Instruction for the data below: set down exactly the lines from the line with "1. If there" to the line with "دستگاه لمینت A4", inclusive, and no others.

(Collected data entries)
# # # # #
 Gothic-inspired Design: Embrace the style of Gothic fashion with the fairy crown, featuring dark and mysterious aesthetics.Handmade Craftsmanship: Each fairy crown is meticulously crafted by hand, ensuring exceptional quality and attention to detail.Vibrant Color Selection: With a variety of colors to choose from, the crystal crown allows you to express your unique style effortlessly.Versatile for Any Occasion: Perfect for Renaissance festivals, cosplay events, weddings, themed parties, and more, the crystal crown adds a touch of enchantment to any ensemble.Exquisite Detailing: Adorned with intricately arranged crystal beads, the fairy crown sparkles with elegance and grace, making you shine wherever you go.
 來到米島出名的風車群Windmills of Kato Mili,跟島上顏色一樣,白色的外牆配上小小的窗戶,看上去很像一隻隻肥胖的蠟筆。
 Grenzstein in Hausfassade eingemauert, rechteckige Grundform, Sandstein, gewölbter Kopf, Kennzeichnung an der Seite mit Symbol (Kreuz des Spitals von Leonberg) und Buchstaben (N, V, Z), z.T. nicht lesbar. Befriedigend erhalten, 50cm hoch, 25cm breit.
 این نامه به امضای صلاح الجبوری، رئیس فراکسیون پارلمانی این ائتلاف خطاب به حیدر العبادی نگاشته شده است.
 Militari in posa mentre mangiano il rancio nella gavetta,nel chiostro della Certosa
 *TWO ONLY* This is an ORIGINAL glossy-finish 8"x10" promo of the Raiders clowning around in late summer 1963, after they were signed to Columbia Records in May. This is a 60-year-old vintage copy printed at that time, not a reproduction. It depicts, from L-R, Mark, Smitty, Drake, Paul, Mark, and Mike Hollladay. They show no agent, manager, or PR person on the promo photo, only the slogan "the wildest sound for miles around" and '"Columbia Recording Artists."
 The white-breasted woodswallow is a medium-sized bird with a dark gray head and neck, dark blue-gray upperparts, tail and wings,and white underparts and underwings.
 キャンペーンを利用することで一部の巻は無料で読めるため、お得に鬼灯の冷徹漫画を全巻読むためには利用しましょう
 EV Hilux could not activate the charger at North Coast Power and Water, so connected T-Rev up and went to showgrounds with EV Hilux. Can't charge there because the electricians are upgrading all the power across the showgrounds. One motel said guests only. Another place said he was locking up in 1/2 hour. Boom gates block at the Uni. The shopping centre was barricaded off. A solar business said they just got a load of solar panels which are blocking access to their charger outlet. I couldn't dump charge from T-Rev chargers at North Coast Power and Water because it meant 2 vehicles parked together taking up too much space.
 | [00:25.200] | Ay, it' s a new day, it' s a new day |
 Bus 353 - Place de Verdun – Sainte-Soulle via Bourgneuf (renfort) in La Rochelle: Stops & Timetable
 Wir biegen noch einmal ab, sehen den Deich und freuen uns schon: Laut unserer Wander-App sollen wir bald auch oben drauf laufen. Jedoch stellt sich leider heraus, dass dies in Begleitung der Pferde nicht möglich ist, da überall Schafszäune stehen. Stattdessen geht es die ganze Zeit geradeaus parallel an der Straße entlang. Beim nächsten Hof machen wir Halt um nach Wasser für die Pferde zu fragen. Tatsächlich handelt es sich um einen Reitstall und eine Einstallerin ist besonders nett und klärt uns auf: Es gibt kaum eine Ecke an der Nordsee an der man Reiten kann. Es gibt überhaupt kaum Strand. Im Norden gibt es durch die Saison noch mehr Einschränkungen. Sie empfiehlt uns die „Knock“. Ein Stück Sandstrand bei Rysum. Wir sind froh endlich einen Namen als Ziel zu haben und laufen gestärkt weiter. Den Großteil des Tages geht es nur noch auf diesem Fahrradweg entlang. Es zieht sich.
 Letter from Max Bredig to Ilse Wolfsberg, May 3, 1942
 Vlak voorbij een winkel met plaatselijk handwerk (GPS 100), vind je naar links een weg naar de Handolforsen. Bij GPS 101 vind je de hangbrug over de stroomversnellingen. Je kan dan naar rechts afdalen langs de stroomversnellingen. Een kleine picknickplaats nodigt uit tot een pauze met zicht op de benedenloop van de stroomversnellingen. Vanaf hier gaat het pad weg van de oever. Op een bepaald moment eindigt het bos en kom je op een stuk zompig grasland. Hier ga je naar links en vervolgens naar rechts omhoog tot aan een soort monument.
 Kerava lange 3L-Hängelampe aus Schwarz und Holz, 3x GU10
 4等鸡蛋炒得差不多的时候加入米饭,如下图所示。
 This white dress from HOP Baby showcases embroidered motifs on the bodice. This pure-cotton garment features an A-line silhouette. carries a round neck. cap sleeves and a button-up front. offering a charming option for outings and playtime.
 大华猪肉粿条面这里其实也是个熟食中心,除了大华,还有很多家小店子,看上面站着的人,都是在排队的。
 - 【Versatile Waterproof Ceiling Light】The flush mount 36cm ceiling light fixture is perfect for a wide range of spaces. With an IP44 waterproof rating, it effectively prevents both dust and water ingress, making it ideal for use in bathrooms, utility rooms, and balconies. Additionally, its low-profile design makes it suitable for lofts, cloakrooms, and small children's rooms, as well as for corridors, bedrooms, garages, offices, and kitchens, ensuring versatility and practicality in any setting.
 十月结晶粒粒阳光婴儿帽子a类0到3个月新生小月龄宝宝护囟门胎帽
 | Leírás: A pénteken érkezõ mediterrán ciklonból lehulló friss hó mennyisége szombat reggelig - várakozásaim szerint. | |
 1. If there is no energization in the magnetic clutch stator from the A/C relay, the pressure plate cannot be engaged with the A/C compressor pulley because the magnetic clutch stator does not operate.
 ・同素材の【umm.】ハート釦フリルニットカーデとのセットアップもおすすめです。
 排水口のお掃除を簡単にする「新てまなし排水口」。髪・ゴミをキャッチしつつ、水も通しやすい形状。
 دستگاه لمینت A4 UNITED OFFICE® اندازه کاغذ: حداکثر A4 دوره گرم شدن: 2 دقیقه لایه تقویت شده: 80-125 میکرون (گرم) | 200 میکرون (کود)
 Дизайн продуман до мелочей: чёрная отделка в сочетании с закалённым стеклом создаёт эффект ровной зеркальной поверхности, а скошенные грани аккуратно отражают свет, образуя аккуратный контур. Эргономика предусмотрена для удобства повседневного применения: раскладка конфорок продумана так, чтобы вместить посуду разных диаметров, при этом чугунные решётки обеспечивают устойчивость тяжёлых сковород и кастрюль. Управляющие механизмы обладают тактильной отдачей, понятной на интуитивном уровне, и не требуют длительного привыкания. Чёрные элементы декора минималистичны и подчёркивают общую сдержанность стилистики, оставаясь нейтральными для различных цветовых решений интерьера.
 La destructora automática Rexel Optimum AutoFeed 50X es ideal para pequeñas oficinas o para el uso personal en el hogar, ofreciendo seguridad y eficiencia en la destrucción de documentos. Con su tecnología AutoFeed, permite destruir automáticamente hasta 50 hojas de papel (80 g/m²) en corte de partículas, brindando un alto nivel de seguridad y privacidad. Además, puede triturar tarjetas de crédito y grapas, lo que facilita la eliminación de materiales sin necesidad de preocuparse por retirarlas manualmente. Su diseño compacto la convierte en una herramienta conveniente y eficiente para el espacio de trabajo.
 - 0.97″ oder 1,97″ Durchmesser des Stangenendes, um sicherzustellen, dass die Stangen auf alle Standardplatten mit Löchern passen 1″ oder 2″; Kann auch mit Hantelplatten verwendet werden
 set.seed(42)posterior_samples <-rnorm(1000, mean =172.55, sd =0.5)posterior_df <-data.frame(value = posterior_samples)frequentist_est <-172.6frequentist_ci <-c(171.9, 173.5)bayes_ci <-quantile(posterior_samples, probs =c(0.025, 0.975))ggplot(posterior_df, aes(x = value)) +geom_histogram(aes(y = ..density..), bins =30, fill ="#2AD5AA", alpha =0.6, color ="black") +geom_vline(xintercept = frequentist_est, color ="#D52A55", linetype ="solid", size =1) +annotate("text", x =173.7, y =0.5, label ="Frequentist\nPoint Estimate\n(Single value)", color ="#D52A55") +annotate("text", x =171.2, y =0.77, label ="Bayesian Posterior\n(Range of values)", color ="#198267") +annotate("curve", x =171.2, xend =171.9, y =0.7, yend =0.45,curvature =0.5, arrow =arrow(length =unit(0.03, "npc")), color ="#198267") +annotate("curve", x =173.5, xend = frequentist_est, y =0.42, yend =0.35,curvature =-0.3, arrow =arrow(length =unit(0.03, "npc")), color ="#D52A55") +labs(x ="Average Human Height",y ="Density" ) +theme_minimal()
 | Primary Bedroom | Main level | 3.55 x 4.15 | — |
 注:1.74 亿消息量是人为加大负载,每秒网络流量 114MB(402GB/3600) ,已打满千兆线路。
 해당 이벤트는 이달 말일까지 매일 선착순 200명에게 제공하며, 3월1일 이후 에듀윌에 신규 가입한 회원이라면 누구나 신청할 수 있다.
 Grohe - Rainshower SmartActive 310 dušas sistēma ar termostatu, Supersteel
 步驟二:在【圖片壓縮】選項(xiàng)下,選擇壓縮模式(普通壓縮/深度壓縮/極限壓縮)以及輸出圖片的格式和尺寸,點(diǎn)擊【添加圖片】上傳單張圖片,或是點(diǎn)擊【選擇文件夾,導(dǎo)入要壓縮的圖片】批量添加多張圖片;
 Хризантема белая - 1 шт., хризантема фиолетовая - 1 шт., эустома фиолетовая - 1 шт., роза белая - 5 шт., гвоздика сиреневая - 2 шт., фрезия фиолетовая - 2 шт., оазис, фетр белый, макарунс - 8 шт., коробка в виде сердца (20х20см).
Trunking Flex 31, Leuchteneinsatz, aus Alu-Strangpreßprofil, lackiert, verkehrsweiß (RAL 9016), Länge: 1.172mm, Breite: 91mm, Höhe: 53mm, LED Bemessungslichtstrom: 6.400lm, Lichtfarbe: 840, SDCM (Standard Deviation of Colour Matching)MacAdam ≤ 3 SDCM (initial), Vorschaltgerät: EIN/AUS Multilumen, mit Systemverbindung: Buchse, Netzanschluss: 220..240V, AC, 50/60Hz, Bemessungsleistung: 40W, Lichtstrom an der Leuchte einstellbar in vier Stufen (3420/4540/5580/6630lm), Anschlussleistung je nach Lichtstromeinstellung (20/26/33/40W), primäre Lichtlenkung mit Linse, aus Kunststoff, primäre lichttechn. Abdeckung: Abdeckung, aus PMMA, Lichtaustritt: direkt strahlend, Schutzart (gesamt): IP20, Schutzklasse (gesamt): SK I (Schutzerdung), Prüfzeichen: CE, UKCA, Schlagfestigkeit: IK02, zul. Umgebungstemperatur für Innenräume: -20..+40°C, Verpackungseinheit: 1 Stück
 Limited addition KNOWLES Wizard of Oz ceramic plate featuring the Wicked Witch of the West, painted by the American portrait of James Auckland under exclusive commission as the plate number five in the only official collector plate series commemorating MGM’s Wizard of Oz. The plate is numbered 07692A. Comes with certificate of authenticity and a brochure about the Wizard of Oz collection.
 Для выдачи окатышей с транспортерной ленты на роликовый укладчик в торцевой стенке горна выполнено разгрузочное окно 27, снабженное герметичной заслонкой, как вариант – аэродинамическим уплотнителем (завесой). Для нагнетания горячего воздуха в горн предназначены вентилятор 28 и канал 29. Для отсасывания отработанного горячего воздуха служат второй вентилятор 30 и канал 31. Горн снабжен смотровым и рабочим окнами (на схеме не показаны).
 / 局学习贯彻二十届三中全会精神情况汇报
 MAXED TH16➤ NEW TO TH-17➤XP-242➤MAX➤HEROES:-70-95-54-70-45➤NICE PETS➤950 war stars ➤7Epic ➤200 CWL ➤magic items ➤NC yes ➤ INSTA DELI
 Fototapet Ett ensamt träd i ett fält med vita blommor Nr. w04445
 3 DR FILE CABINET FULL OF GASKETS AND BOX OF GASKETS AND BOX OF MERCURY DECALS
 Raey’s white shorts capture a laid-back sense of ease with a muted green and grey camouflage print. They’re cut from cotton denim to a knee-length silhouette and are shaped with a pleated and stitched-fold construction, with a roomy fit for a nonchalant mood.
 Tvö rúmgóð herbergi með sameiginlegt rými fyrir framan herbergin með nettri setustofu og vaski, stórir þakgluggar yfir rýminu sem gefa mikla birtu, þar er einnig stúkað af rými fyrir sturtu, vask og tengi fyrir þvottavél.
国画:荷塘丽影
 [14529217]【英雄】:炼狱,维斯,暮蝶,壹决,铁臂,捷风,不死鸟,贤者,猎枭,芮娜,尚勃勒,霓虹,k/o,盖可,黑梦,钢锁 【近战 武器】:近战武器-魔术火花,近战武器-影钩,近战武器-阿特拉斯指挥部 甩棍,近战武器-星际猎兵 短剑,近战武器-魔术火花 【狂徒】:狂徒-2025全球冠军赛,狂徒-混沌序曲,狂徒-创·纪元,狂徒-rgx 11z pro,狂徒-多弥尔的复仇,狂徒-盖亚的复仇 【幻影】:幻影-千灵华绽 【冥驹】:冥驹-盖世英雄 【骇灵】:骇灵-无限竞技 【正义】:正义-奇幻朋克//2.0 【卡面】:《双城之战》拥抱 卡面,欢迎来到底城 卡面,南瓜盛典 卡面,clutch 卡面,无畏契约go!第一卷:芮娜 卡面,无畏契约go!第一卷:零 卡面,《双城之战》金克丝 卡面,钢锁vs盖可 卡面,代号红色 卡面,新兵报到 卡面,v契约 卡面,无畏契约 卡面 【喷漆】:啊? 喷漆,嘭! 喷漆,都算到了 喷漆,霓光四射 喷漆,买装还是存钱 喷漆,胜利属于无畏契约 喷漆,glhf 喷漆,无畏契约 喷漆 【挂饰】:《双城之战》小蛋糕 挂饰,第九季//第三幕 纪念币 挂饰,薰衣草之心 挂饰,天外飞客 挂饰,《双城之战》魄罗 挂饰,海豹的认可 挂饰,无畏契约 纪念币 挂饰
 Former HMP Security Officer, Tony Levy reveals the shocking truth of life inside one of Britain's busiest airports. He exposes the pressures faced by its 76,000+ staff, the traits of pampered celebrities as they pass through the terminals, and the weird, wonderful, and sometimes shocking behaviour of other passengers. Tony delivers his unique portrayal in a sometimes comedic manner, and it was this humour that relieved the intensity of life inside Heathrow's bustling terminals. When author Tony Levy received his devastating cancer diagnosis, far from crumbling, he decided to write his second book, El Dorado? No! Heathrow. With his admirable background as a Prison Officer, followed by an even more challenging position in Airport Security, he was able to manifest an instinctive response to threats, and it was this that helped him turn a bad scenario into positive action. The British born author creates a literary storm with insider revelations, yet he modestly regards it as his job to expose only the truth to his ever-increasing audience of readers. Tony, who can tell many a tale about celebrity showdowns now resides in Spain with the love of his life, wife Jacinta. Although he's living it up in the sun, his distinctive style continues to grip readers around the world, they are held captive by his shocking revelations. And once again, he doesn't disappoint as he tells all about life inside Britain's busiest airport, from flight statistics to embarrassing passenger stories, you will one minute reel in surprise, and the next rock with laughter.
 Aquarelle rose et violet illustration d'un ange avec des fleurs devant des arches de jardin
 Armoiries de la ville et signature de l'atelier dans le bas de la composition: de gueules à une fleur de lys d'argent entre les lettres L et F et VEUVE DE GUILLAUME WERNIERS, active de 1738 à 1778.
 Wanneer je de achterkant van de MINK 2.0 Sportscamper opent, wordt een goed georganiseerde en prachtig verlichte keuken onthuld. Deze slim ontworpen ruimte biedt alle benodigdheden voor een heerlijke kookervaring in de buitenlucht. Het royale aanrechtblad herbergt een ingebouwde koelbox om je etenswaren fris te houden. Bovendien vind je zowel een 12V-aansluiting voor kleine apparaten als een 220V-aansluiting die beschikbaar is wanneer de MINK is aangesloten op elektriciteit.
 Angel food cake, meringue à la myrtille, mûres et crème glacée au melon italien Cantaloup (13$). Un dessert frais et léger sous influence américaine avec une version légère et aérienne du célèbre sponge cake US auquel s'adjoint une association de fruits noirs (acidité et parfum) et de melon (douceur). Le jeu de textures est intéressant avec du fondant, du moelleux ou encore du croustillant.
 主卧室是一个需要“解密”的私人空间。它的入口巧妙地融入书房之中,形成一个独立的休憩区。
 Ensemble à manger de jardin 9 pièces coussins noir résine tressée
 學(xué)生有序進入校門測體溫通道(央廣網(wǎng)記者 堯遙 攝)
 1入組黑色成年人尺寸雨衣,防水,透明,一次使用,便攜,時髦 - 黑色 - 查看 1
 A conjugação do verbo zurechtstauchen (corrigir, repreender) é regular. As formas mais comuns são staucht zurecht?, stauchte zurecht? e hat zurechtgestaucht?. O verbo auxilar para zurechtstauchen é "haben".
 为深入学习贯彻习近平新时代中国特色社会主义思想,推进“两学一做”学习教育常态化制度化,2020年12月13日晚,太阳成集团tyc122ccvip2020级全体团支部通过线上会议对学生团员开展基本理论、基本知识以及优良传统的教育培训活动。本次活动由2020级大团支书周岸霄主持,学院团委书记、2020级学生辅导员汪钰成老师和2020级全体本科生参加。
# # # # #
▶ _RESPONSE FOR THIS EXERCISE_
 1. If there is no energization in the magnetic clutch stator from the A/C relay, the pressure plate cannot be engaged with the A/C compressor pulley because the magnetic clutch stator does not operate.
 ・同素材の【umm.】ハート釦フリルニットカーデとのセットアップもおすすめです。
 排水口のお掃除を簡単にする「新てまなし排水口」。髪・ゴミをキャッチしつつ、水も通しやすい形状。
 دستگاه لمینت A4 UNITED OFFICE® اندازه کاغذ: حداکثر A4 دوره گرم شدن: 2 دقیقه لایه تقویت شده: 80-125 میکرون (گرم) | 200 میکرون (کود)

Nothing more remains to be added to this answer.